[DATA BLOCK]

^^^^^^^^

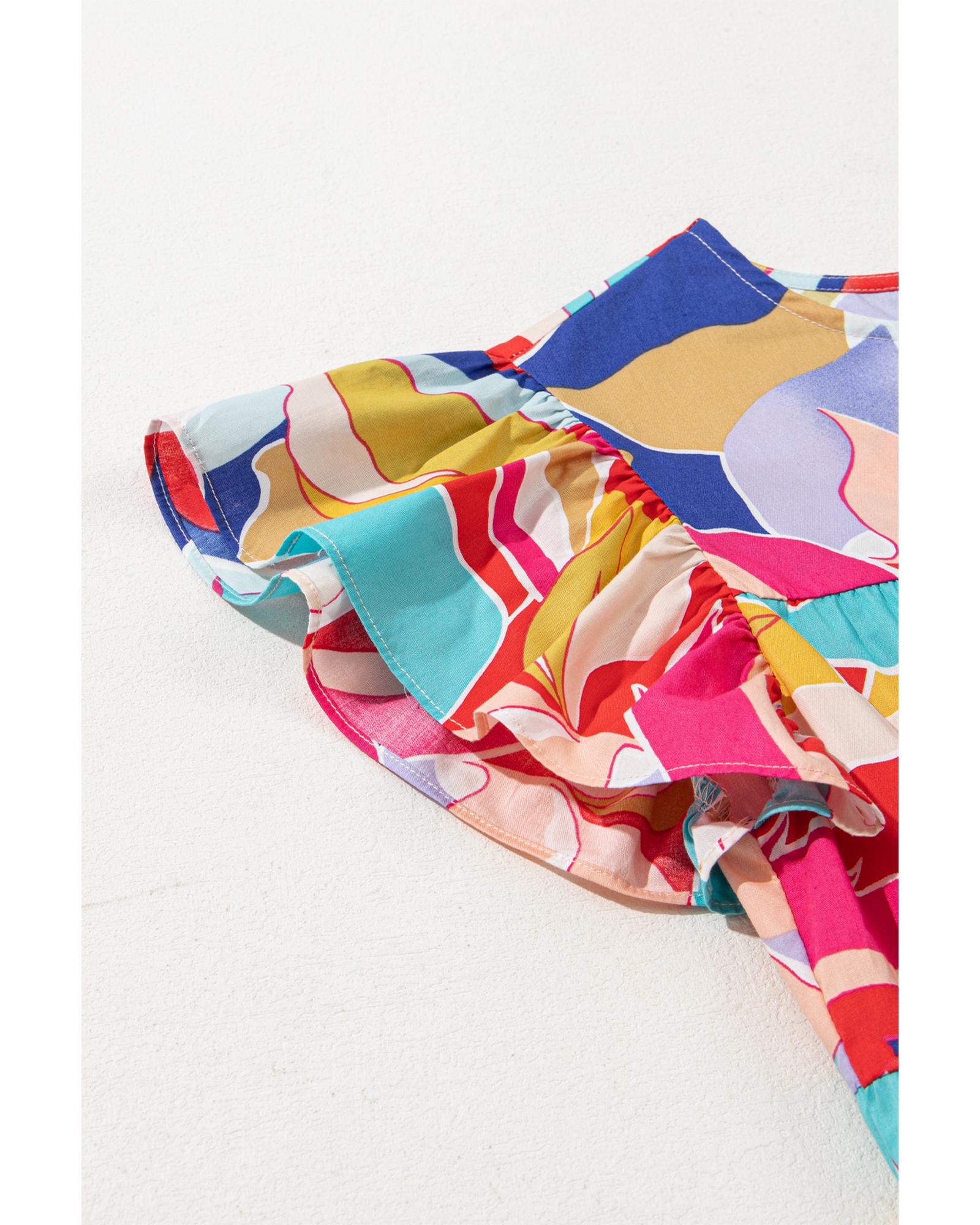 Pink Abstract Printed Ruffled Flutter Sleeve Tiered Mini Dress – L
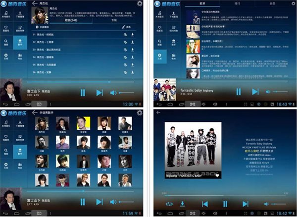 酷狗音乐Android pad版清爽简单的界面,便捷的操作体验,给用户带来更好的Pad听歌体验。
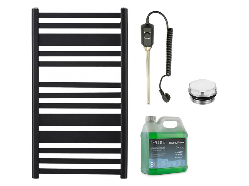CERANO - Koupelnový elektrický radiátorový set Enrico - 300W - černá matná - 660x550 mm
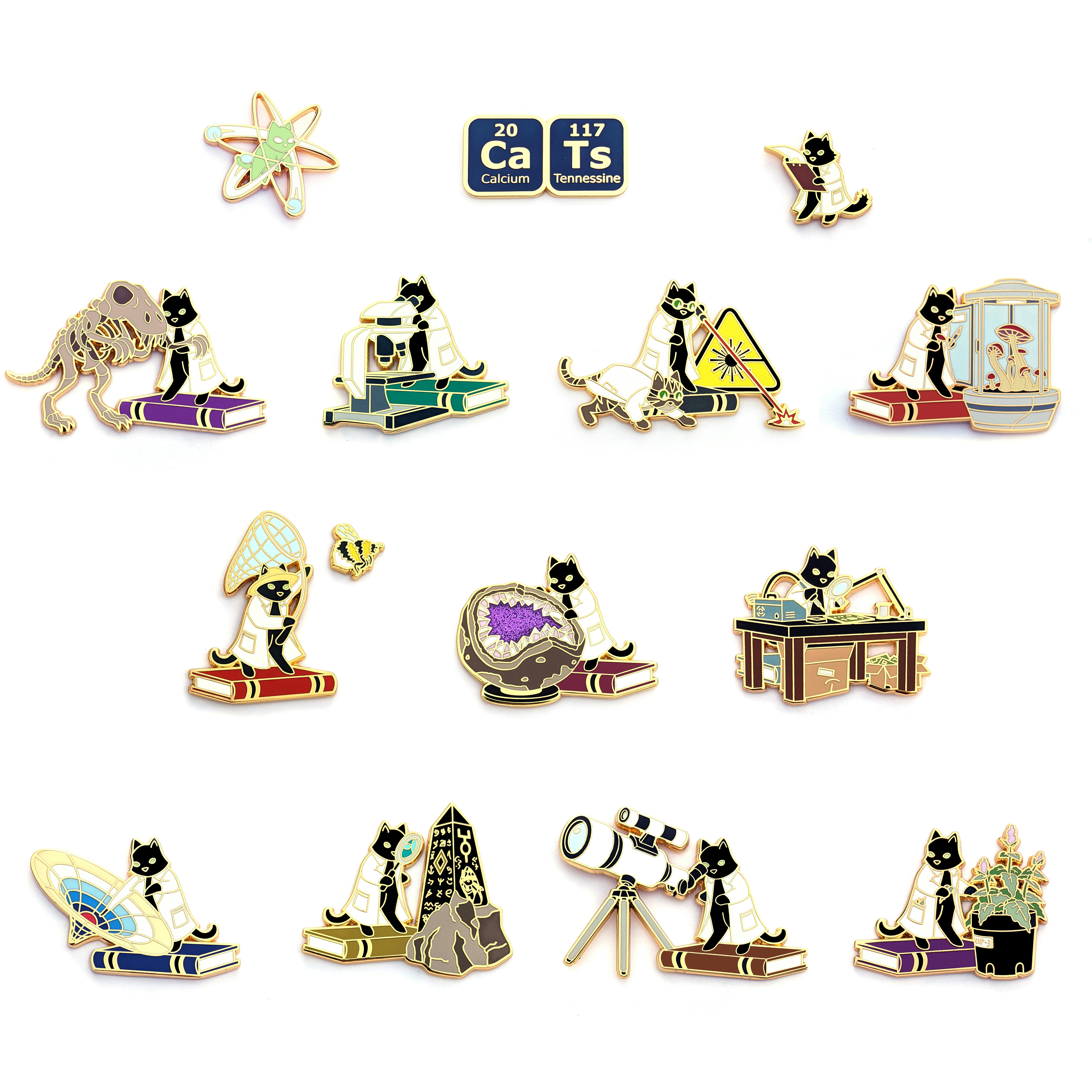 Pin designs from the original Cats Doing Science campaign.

^^^^^^^^

[PROBLEM TO SOLVE] Print exactly the span of lines that begins with the line containing "酷狗音乐Android pa" and ends with the last line of the listing, with no pictures.

[ANSWER TO THIS TASK]
 酷狗音乐Android pad版清爽简单的界面,便捷的操作体验,给用户带来更好的Pad听歌体验。
CERANO - Koupelnový elektrický radiátorový set Enrico - 300W - černá matná - 660x550 mm
 Pin designs from the original Cats Doing Science campaign.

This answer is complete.